Consider extending the notion of Fisher information to the following situation. There is a vector \(\theta\) of unknown parameters. We mainly want information about one component of the parameter vector, although to get that information we have to estimate other components too. Call the first component of \(\theta\) the ‘parameters of interest’ \(\theta_o\) and call the other component the ‘nuisance parameters’ \(\vartheta_o\). Suppose that the likelihood is parameterized on an open set \(\Theta\) in a finite dimensional Euclidean space and that the true parameter vector is \((\theta_o, \vartheta_o) \in \Theta\). Write the multivariate score process as

\[\begin{split} \left\{ \begin{bmatrix} S_{t+1} \\ \tilde{S}_{t+1} \end{bmatrix} : t=0,1,\ldots \right\} \end{split}\]

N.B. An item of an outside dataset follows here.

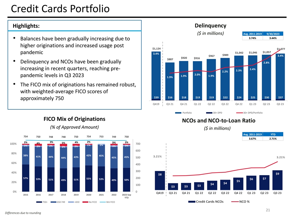 Leases Portfolio Delinquency Highlights: ($ in millions) • Auto lease balances have continued to increase Avg. 2011-2019 9/30/2023 2.06% 1.73% since the pandemic $2,000 6.00% $1,698 $1,800 $1,662 $1,614 $1,586 • Delinquency steady at below pre-pandemic $1,539 5.00% $1,480 $1,600 $1,426 $1,381 $1,349 levels $1,400 4.00% $1,200 $1,060 • NCOs at levels significantly below pre-pandemic $1,000 3.00% $800 • The FICO mix of originations has remained 1.8% 1.7% 2.00% 1.5% $600 1.4% 1.3% 1.3% 1.1% 1.1% robust, with weighted-average FICO scores of 1.0% 0.9% $400 1.00% approximately 740 $200 $19 $13 $14 $16 $17 $23 $21 $21 $22 $29 $- 0.00% Q419 Q3 21 Q4 21 Q1 22 Q2 22 Q3 22 Q4 22 Q1 23 Q2 23 Q3 23 Portfolio 30+ DPD 30+ DPD/Portfolio FICO Mix of Originations NCOs and NCO-to-Loan Ratio (% of Approved Amount) ($ in millions) 736 730 730 731 740 734 732 735 Avg. 2011-2019 YTD 700 100% 2% 0.65% 0.27% 3% 3% 3% 4% 4% 4% 4% 1.07% 600 20% 22% 24% $3 23% 23% 26% 26% 26% 80% 500 $2 60% 400 $2 $1 $1 300 40% 0.35% 77% 75% 73% 73% 74% 70% 70% 71% $1 200 $1 $0 $0 20% 100 ($0) 0% 0 Q419 Q3 21 Q4 21 Q1 22 Q2 22 Q3 22 Q4 22 Q1 23 Q2 23 Q3 23 2016 2017 2018 2019 2020 2021 2022 2023 Sep YTD Leases NCOs NCO % 700+ 625-699 <625 No FICO WA FICO 20 Differences due to rounding

where \(\{ S_{t+1} : t=0,1,\ldots\}\) is the partial derivative of the log-likelihood with respect to \(\theta\) and \(\{ \tilde{S}_{t+1} : t=0,1,\ldots \}\) is the partial derivative with respect to \(\vartheta\). Estimating \(\vartheta_o\) simultaneously with \(\theta_o\) is more difficult than estimating \(\theta_o\) when \(\vartheta_o\) is known. Fisher’s measure of information corrects for the additional challenge of estimating \(\vartheta_o\) simultaneously in order to make inferences about \(\theta_o\). In particular, Fisher’s measure of information about \(\theta\) is the inverse of the \((1,1)\) component of the covariance matrix partitioned conformably with \(\theta, \vartheta\):

\[\begin{split} V = \begin{bmatrix} E(S_{t+1} - S_t)^2 & E(\tilde{S}_{t+1} - \tilde{S}_t)(S_{t+1} - S_t) \\ E(\tilde{S}_{t+1} - \tilde{S}_t)(S_{t+1} - S_t) & E(\tilde{S}_{t+1} - \tilde{S}_t)^2 \end{bmatrix}. \end{split}\]

To represent this inverse in a useful way, compute the population regression

(6.4)#\[ S_{t+1} - S_t = \beta' (\tilde{S}_{t+1} - \tilde{S}_t) + U_{t+1}, \]

where \(\beta\) is the population regression coefficient and \(U_{t+1}\) is the population regression residual that by construction is orthogonal to the regressor \((\tilde{S}_{t+1} - \tilde{S}_t)\). The population regression induces the representation

\[\begin{split} \begin{bmatrix} S_{t+1} - S_t \\ \tilde{S}_{t+1} - \tilde{S}_t \end{bmatrix} = \begin{bmatrix} I & \beta' \\ 0 & I \end{bmatrix} \begin{bmatrix} U_{t+1} \\ \tilde{S}_{t+1} - \tilde{S}_t \end{bmatrix}, \end{split}\]

which, because \(U_{t+1}\) is orthogonal to \(\tilde{S}_{t+1} - \tilde{S}_t\), implies

\[\begin{split} V = \begin{bmatrix} I & \beta' \\ 0 & I \end{bmatrix} \begin{bmatrix} E U_{t+1}^2 & 0 \\ 0 & E(\tilde{S}_{t+1} - \tilde{S}_t)^2 \end{bmatrix} \begin{bmatrix} I & 0 \\ \beta & I \end{bmatrix}. \end{split}\]

This equation reveals that the \((1,1)\) component of the partition of matrix \(V^{-1}\) is

\[ V^{-1}_{1,1} = E(U_{t+1}^2)^{-1}. \]

The population regression equation (6.4) implies that the Fisher information measure \(E[(U_{t+1})^2]\) is no larger than \(E[(S_{t+1} - S_t)^2]\). Thus,

(6.5)#\[ E[(U_{t+1})^2] \le E[(S_{t+1} - S_t)^2]. \]

This inequality asserts that the likelihood function contains more information about \(\theta\) when \(\vartheta\) is known to be \(\vartheta_o\) than when \(\theta\) and \(\vartheta\) are both unknown.

Inequality (6.5) offers reasons to be cautious when interpreting calibration exercises in macroeconomics. Pretending that you know \(\vartheta\) leads you to overstate the information in the sample about the parameter \(\theta\).

Since the multivariate score \(\begin{bmatrix} S_{t+1} \\ \tilde{S}_{t+1} \end{bmatrix}\) is a vector of additive martingales, the score regression residual process \(\{ U_{t+1} : t=0,1,\ldots \}\) is itself an additive martingale.